American judge (born 1967)

Drew Barnett Tipton (born 1967) is a United States district judge of the United States District Court for the Southern District of Texas.

== Early life and education ==

Tipton's father and grandfather were both Baptist pastors. Tipton graduated from Angleton High School, earned his Bachelor of Arts in history and economics from Texas A&M University, and his Juris Doctor from South Texas College of Law.

== Career ==

=== Military service ===

Tipton served in the United States Marine Corps Reserve from 1988 to 1994 as a radio operator for an infantry battalion. He was honorably discharged with the rank of Sergeant.

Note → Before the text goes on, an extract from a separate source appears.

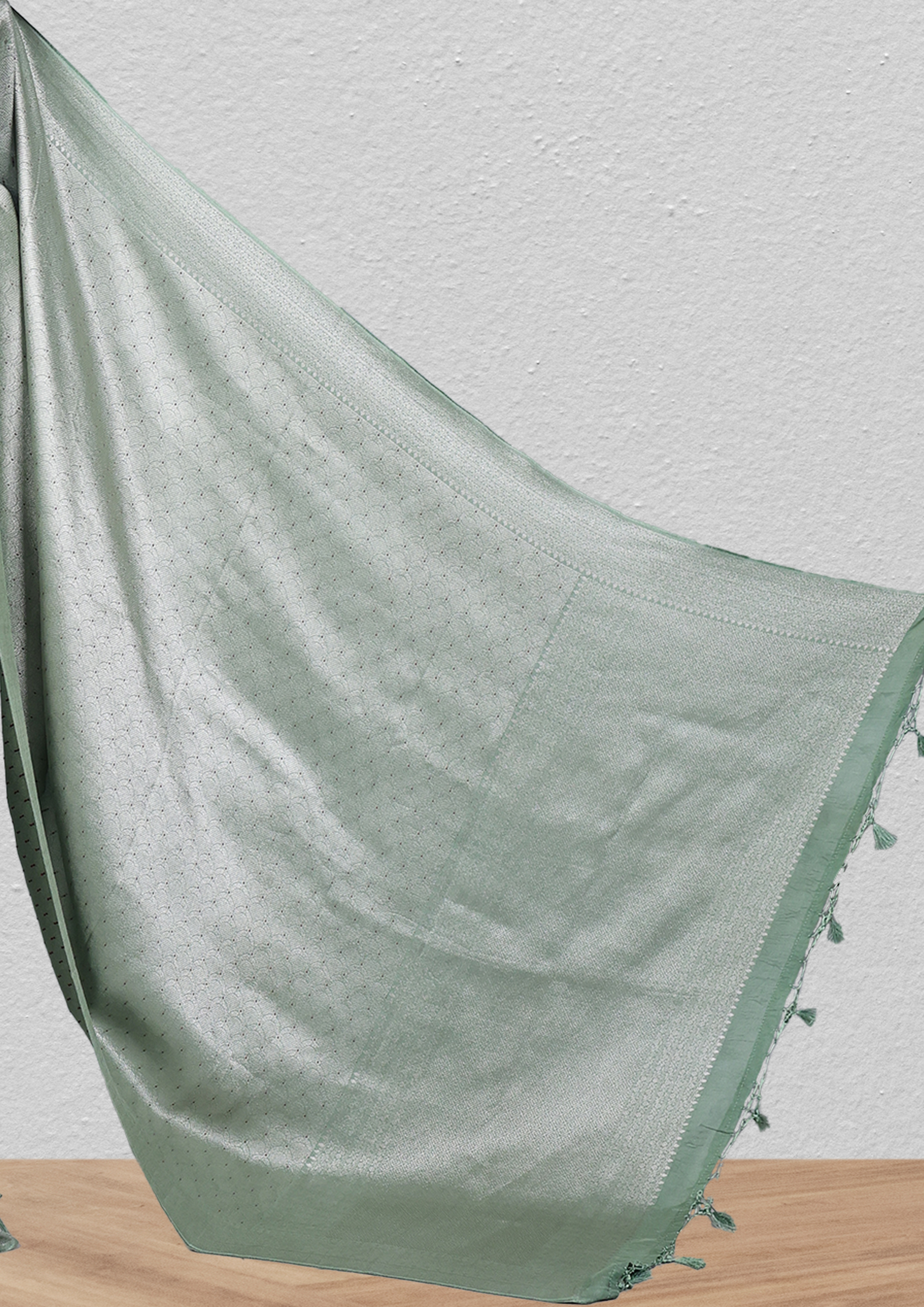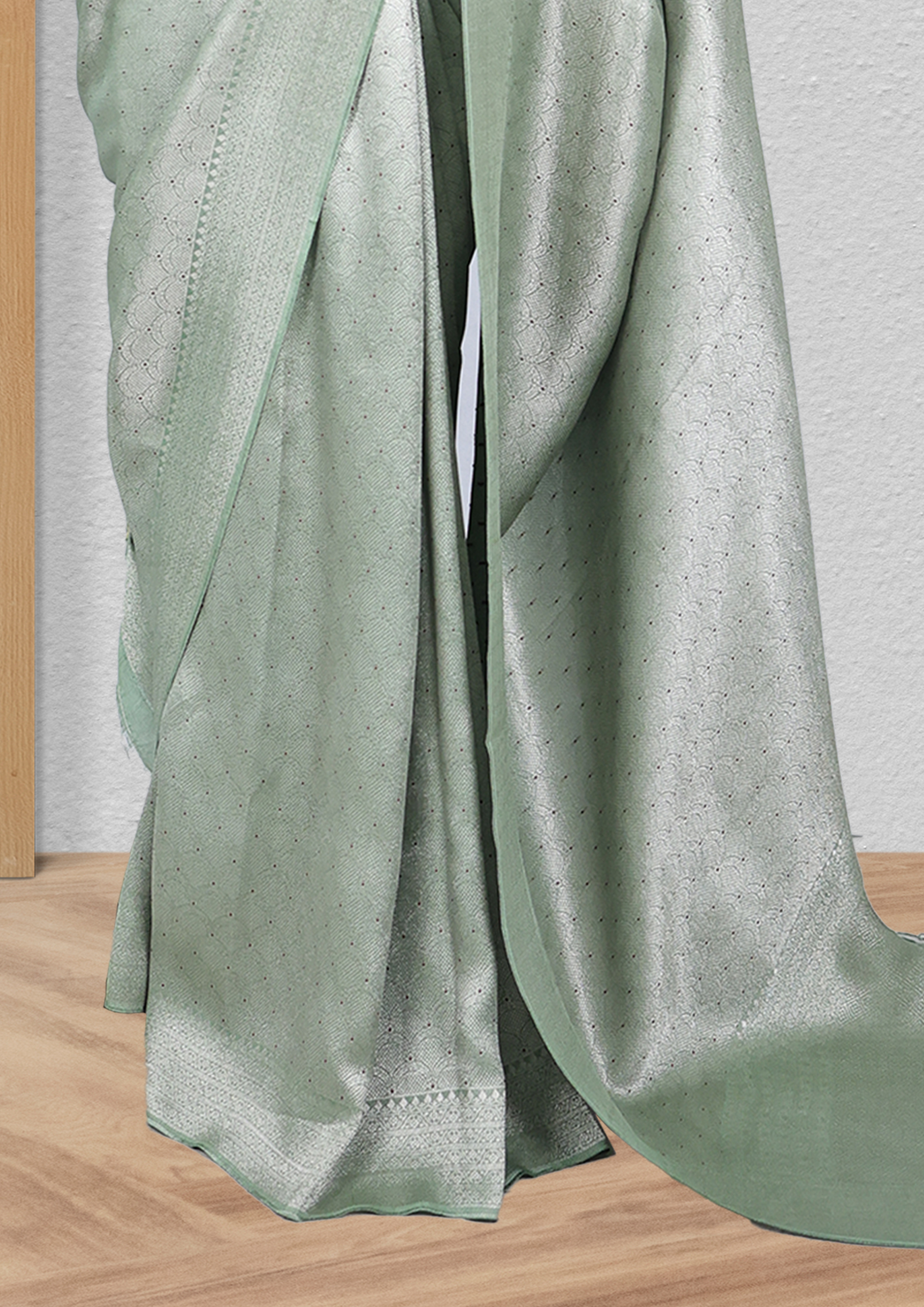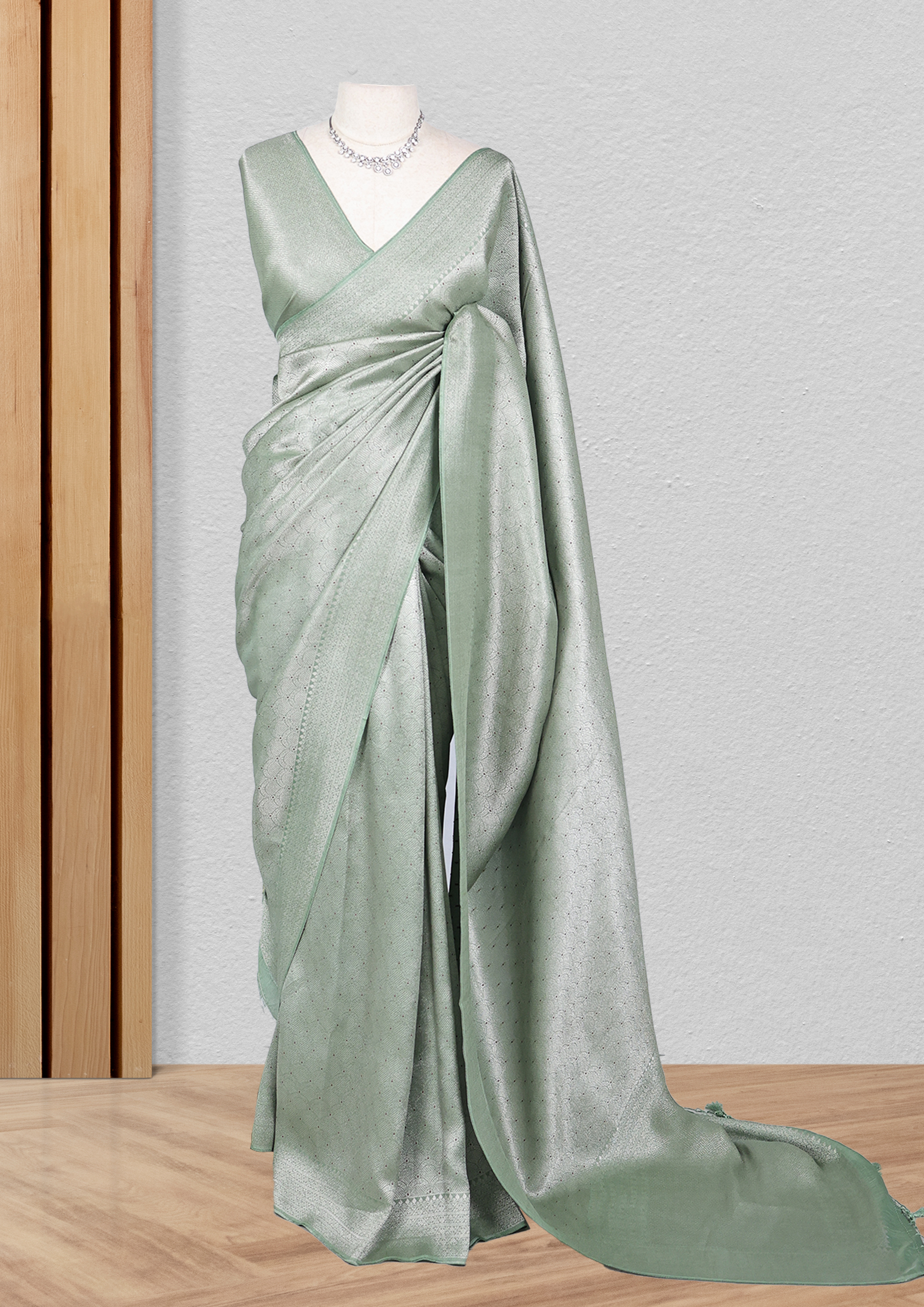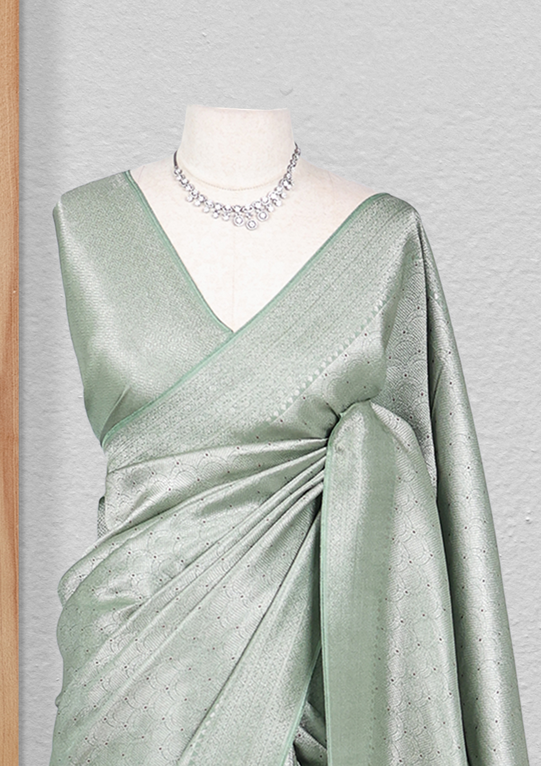 The saree itself boasts a stunning light green hue with an intricate pattern of overlapping floral motifs embossed across its fabric. Delicate red dots are scattered throughout, adding a touch of elegance. A green border with subtle embroidery adorns the top edge of the saree, enhancing its traditional appeal.

After graduating law school, Tipton served as a law clerk to Judge John David Rainey of the United States District Court for the Southern District of Texas. He previously was in private practice with Marek, Griffin, & Knaupp and Littler Mendelson. From 1999 to 2020, he was part of BakerHostetler's Houston office and became a partner in 2002. His practice focused on complex employment law and trade secret litigation.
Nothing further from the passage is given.